Target’s corporate staff postponed planned in-office schedules at headquarters in the days after the Richfield detentions. Store employees reported increased anxiety about guest-facing interactions and safety in stores, and some staff notified schedulers that they would not come to work while they sought more information. Internal employee communications reviewed by staff show workers asking leadership for explicit guidance and practical steps they should take if approached by federal agents on or near store property.

Employees circulated letters to Target’s ethics and human resources teams requesting written policies about responding to immigration enforcement and about protecting people in stores. Those internal messages also asked for clearer channels for urgent guidance so that frontline workers and Minneapolis-based corporate employees could make informed decisions about safety and shifts.

Local elected officials and clergy publicly urged Target to take steps to protect workers and customers in the wake of the Richfield detentions. The calls from community leaders intensified pressure on Target to articulate a companywide stance and to provide immediate protections for employees who said they felt vulnerable or unsure how to respond to law enforcement activity.

Target provided limited public comment and said its security teams are increasing communications with Minneapolis-based employees. The company has not released a comprehensive public policy addressing interactions with federal immigration agents for store staff or corporate employees. That gap has fueled uncertainty and left individual managers to interpret existing safety protocols.

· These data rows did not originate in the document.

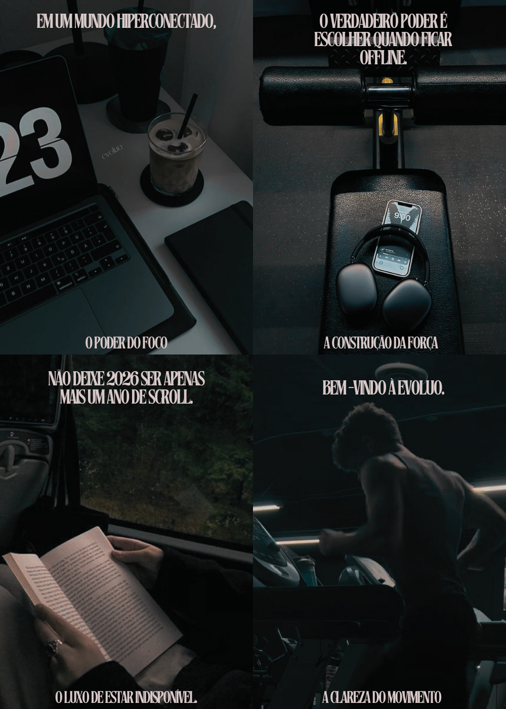 A Evoluo quer te devolver o direito de ficar offline. Não é sobre produzir mais, é sobre viver melhor.
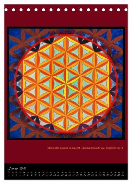Januar: Blume des Lebens in blau/rot, Tafelmalerei auf Holz 2013, 43x43cm
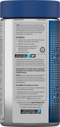 Applied Nutrition i-Drive är ett premiumtillskott designat för att stötta en aktiv livsstil och optimera glukosupptag. Formulan är berikad med vitaminerna B6, C och D3 som stödjer energinivåer, immunförsvar och muskelfunktion. Med tillsatt koppar för nervsystemets hälsa och krom som bidrar till normal energi- och proteinmetabolism är i-Drive ett smart val för idrottare och träningsentusiaster.
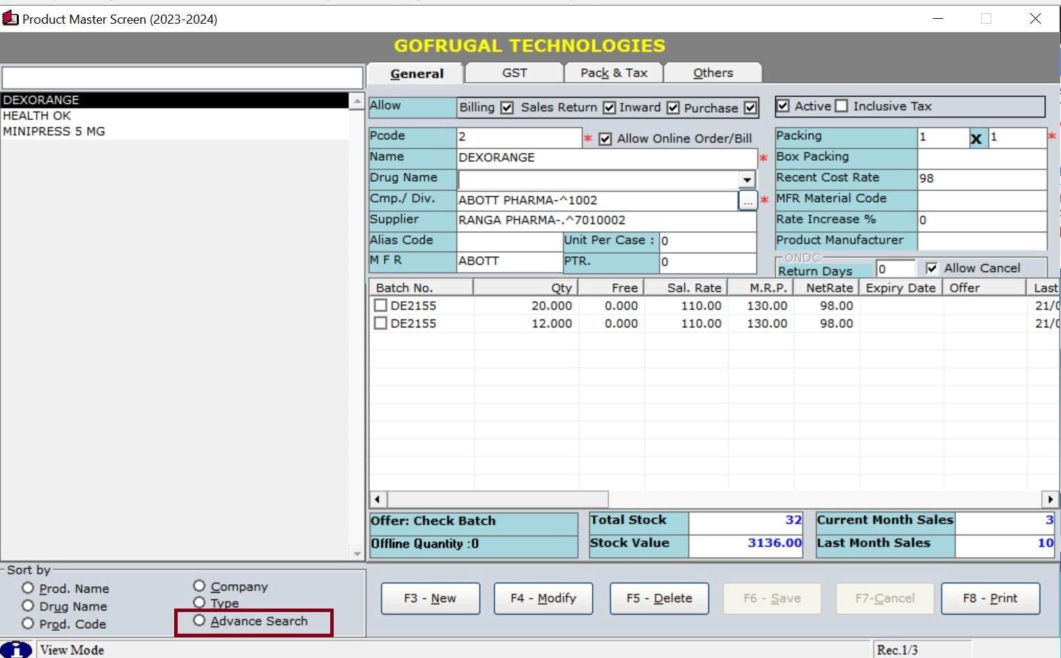 Steps 1: To do advance search, open any masters in ManageEasy, enable the option Advance search that shows left bottom corner as shown in the below image.
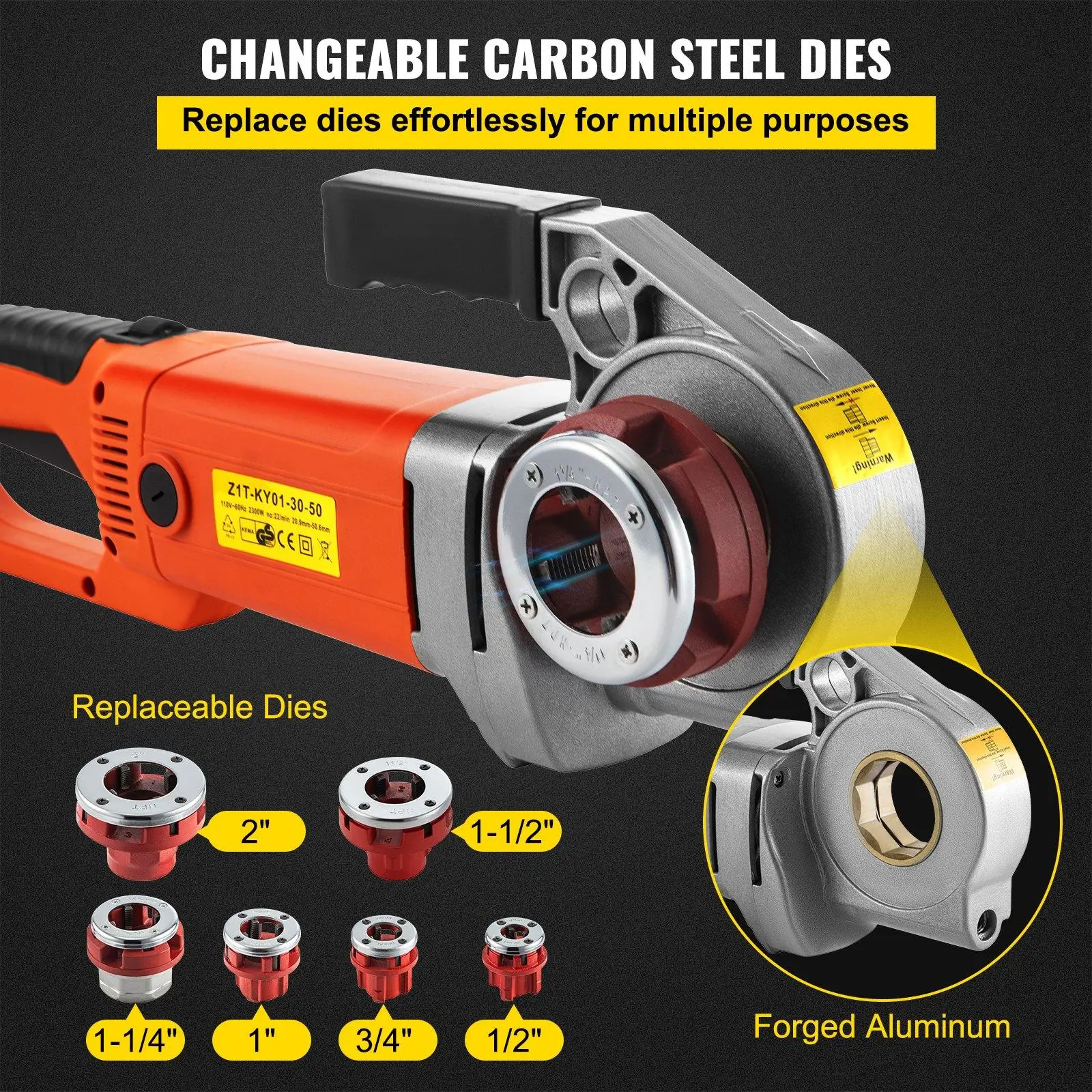 ·CHANGEBLE DIES 1/2"-2" - 6 Die Heads and Dies Included: 1/2", 3/4", 1", 1 1/4", 1 1/2", 2". Our pipe threading machine adopts carbon steel dies, long life, clear thread. Die heads can be quickly replaced.
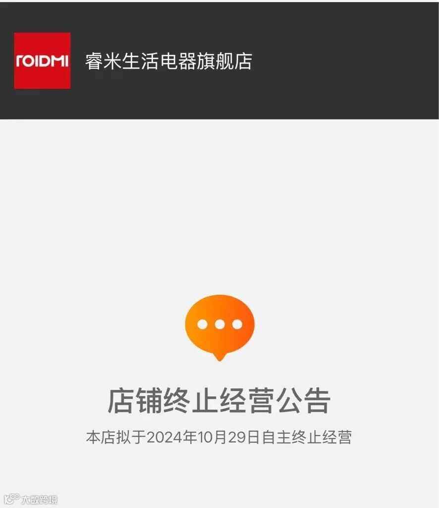 “由于市场环境的变化和公司经营战略的调整,我们不得不做出艰难的决定,终止【ROIDMI睿米】品牌运营”
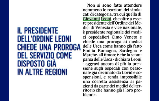 «La Regione proroghi le USCA, come hanno già fatto Sardegna, Emilia Romagna e Marche»: è chiara la richiesta che arriva dal presidente dell'OMCeO veneziano e vice nazionale Giovanni Leoni, nella sua veste anche di segretario di CIMO Veneto, preoccupato per l'aumento dei contagi e il contemporaneo stop alle attività delle USCA, con ricadute pesanti che potrebbero arrivare sia sulla pressione per gli ospedali e sia sulle attività dei medici di famiglia. L'intervista, rilasciata a Filomena Spolaor, è stata pubblicata ieri, domenica 10 luglio, sul Gazzettino di Venezia.

The disruptions have practical consequences for store operations and workforce morale. Call-outs and delayed returns to the office strain schedules already tight during peak retail periods and can shift responsibilities to other employees. For corporate staff, the postponement of in-office work feeds broader questions about how Target balances headquarters expectations with frontline worker safety in a region facing heightened enforcement activity.

For Target employees and managers, the immediate need is clear: concrete, written guidance from leadership that explains how to handle federal agents, what protections the company will provide, and how security teams will coordinate with stores and corporate teams. How Target answers those questions will influence employee willingness to return to scheduled shifts and to in-person work at headquarters.

As the company updates its communications, workers and local leaders will watch whether Target tightens safety protocols or revises return-to-office plans. The outcome will shape workplace safety expectations and trust between Minneapolis-area employees and company leadership in the weeks ahead.